Work task>
Exactly and only the lines below from the one containing "Tortilla azul hecha" down to the one containing "PROVINCE OF NOVA" are wanted, both included; please exclude every picture.

Source data
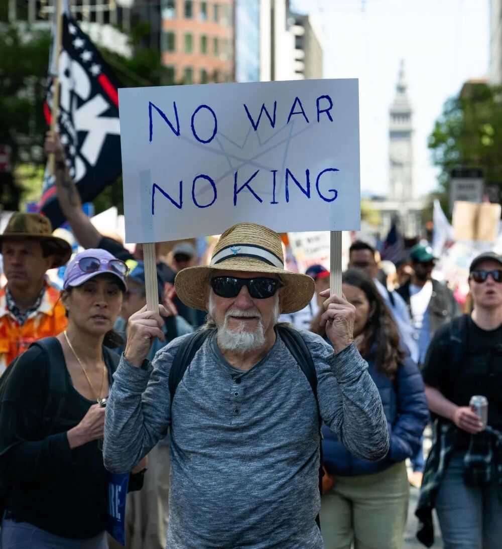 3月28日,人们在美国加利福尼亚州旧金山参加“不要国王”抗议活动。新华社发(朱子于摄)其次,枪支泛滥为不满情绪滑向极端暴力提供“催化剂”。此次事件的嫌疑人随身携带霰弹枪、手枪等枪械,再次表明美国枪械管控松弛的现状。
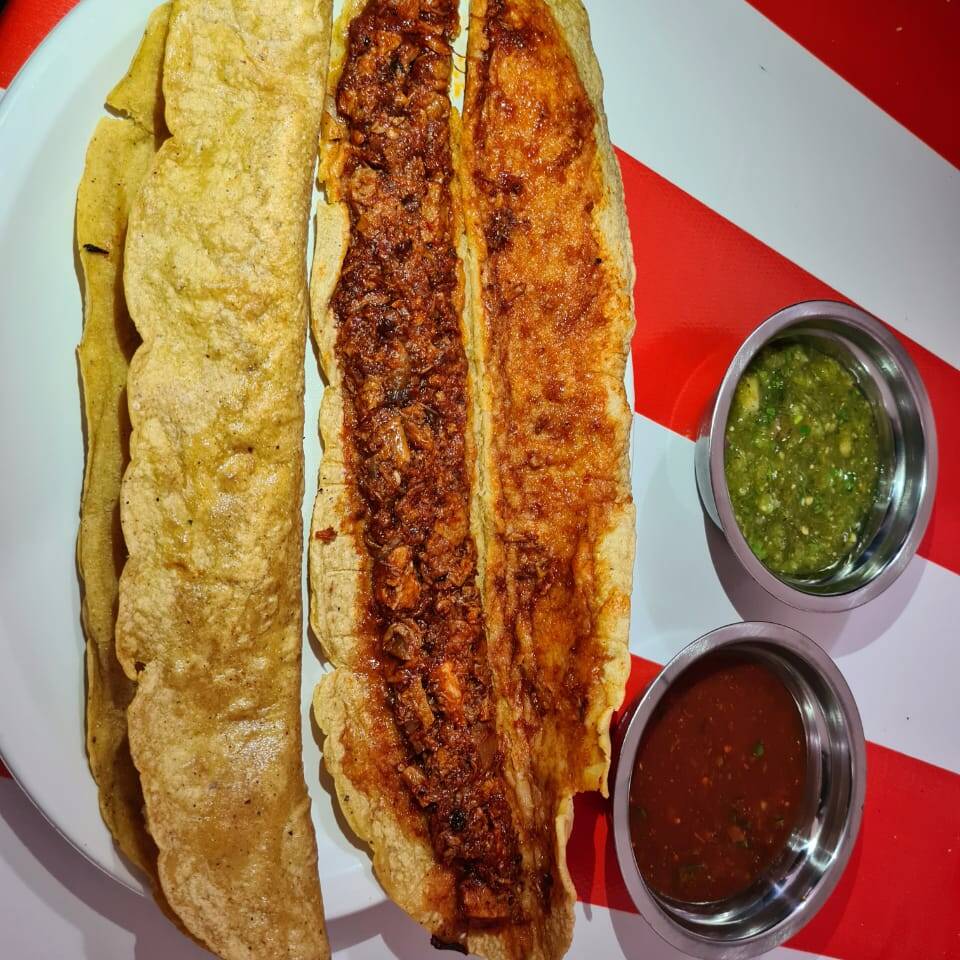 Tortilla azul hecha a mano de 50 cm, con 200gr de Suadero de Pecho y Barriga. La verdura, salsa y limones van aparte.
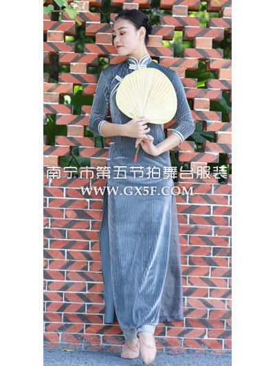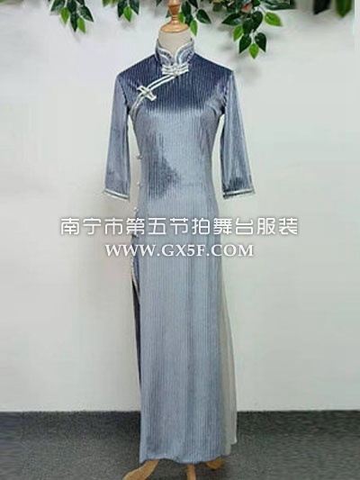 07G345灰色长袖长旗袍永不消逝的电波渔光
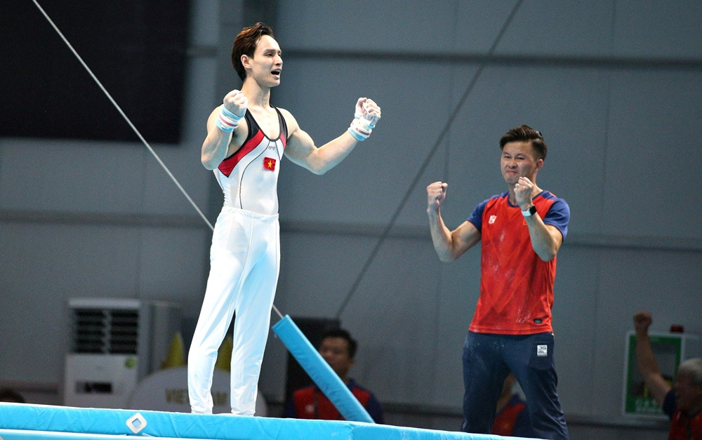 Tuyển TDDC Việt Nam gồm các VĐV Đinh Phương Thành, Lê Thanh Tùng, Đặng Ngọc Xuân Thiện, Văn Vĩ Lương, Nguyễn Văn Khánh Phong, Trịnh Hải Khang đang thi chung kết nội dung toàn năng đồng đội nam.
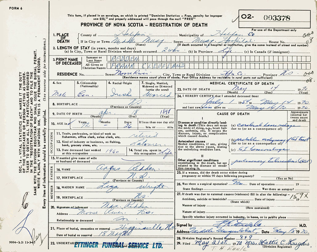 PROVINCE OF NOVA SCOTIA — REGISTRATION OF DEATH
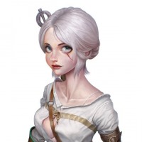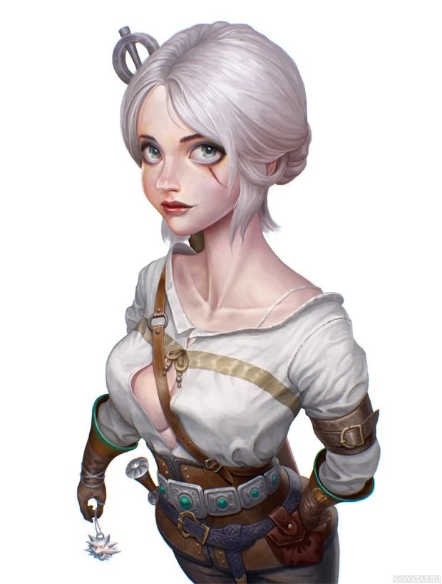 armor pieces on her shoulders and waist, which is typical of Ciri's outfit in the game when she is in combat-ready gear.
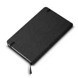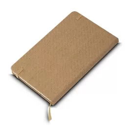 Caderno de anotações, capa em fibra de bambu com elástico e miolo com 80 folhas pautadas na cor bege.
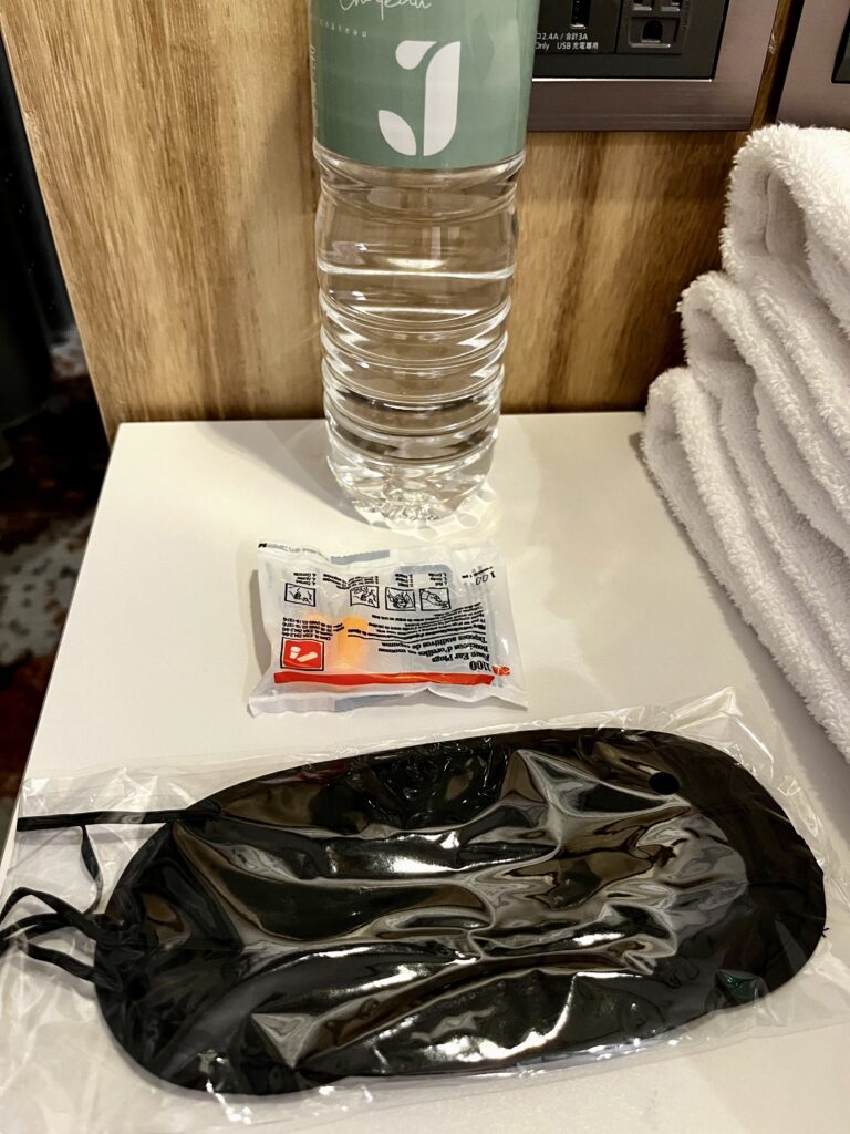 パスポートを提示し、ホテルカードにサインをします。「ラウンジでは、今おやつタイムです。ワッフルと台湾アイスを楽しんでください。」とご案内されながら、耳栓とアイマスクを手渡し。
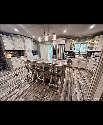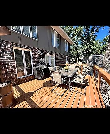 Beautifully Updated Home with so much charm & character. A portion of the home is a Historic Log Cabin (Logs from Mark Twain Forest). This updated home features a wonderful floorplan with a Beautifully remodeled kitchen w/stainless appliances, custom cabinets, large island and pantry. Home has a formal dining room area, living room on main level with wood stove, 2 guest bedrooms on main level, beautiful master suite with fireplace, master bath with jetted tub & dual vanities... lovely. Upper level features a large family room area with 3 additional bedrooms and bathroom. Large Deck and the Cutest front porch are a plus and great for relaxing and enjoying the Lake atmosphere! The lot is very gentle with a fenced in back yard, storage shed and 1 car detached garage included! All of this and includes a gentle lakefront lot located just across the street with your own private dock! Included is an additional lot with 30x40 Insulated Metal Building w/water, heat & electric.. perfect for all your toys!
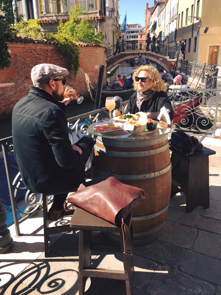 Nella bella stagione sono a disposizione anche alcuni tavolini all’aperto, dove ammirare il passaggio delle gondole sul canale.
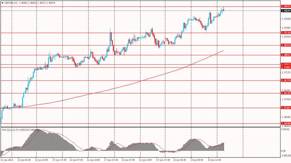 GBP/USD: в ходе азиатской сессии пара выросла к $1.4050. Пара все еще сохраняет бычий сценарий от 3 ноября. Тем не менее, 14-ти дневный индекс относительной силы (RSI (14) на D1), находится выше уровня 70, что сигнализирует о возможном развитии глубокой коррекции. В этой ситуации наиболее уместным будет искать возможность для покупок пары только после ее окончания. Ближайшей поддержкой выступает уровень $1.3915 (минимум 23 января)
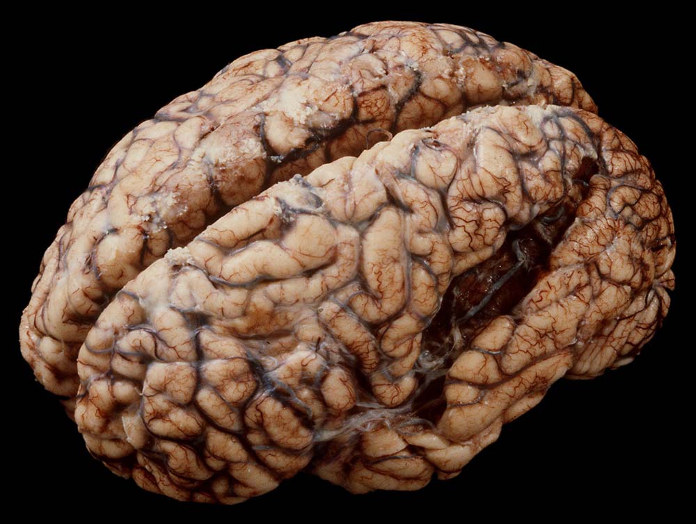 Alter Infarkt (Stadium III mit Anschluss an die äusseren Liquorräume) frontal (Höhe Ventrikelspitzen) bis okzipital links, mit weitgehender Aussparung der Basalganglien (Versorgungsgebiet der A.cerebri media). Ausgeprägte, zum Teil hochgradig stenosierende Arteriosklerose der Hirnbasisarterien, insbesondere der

Problem solution>
 Tortilla azul hecha a mano de 50 cm, con 200gr de Suadero de Pecho y Barriga. La verdura, salsa y limones van aparte.
 07G345灰色长袖长旗袍永不消逝的电波渔光
 Tuyển TDDC Việt Nam gồm các VĐV Đinh Phương Thành, Lê Thanh Tùng, Đặng Ngọc Xuân Thiện, Văn Vĩ Lương, Nguyễn Văn Khánh Phong, Trịnh Hải Khang đang thi chung kết nội dung toàn năng đồng đội nam.
 PROVINCE OF NOVA SCOTIA — REGISTRATION OF DEATH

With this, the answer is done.